Work instruction:
Among the entries below, which lines run from the line with "in March 1978.[5]" through the line with "- Floor standing"? Retype those, both ends included, exactly and without pictures.

Given data:
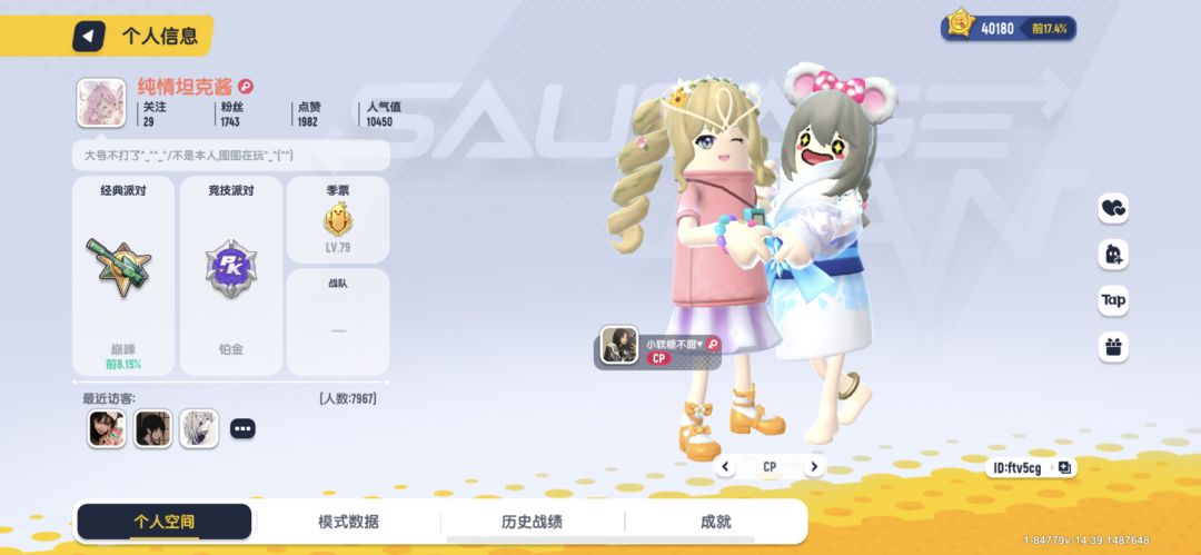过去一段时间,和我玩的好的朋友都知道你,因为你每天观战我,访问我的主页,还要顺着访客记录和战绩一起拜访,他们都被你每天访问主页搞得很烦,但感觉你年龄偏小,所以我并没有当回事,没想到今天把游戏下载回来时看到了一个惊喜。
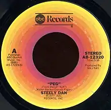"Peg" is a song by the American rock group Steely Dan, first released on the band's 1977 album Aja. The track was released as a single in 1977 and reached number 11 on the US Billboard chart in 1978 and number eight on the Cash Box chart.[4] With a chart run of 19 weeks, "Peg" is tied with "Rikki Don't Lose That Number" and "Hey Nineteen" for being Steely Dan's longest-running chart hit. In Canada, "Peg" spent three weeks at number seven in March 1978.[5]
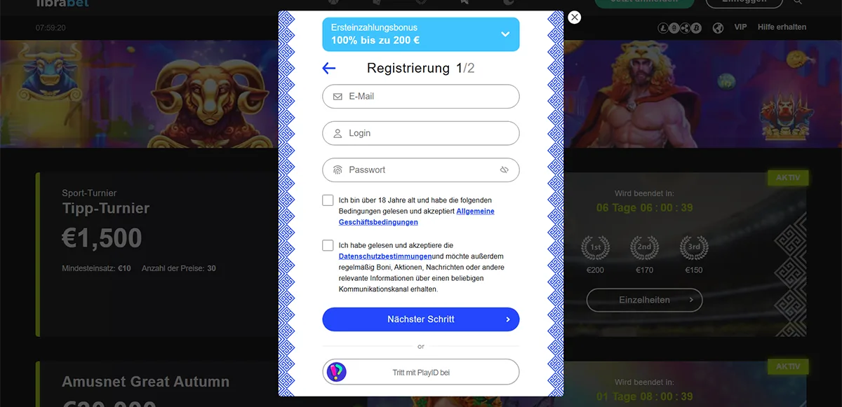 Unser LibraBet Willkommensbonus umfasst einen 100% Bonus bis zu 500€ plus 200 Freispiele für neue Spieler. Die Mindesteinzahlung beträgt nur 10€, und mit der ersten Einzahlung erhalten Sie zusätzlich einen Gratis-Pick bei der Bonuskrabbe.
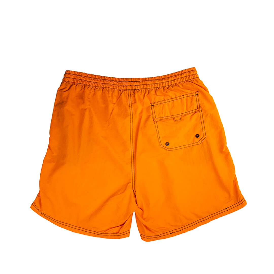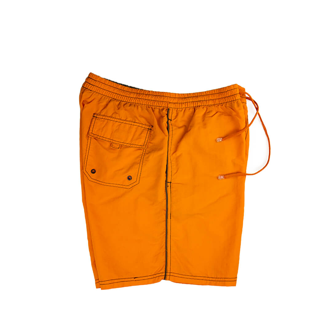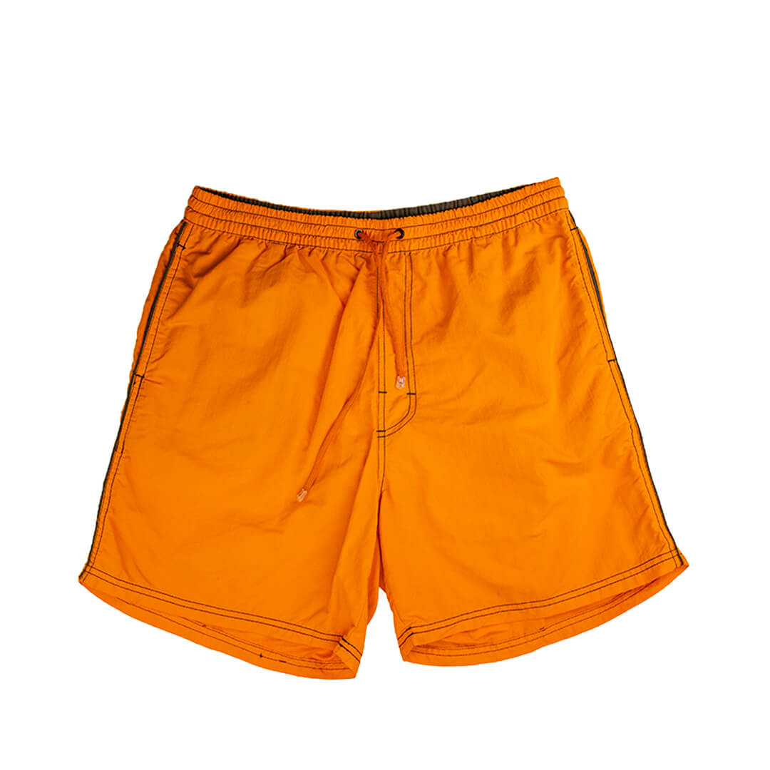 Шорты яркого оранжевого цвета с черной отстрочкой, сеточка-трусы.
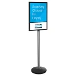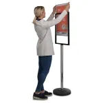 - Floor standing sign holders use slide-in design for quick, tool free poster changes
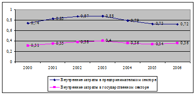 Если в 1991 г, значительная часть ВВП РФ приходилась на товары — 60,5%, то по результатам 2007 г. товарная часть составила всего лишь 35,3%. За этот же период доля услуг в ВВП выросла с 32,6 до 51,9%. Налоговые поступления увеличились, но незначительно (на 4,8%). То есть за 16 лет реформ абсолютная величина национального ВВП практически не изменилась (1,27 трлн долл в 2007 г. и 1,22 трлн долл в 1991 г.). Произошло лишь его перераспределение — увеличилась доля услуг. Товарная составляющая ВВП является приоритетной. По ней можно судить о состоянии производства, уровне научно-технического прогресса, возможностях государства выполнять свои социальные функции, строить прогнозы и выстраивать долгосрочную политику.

Answer to this problem:
"Peg" is a song by the American rock group Steely Dan, first released on the band's 1977 album Aja. The track was released as a single in 1977 and reached number 11 on the US Billboard chart in 1978 and number eight on the Cash Box chart.[4] With a chart run of 19 weeks, "Peg" is tied with "Rikki Don't Lose That Number" and "Hey Nineteen" for being Steely Dan's longest-running chart hit. In Canada, "Peg" spent three weeks at number seven in March 1978.[5]
 Unser LibraBet Willkommensbonus umfasst einen 100% Bonus bis zu 500€ plus 200 Freispiele für neue Spieler. Die Mindesteinzahlung beträgt nur 10€, und mit der ersten Einzahlung erhalten Sie zusätzlich einen Gratis-Pick bei der Bonuskrabbe.
 Шорты яркого оранжевого цвета с черной отстрочкой, сеточка-трусы.
 - Floor standing sign holders use slide-in design for quick, tool free poster changes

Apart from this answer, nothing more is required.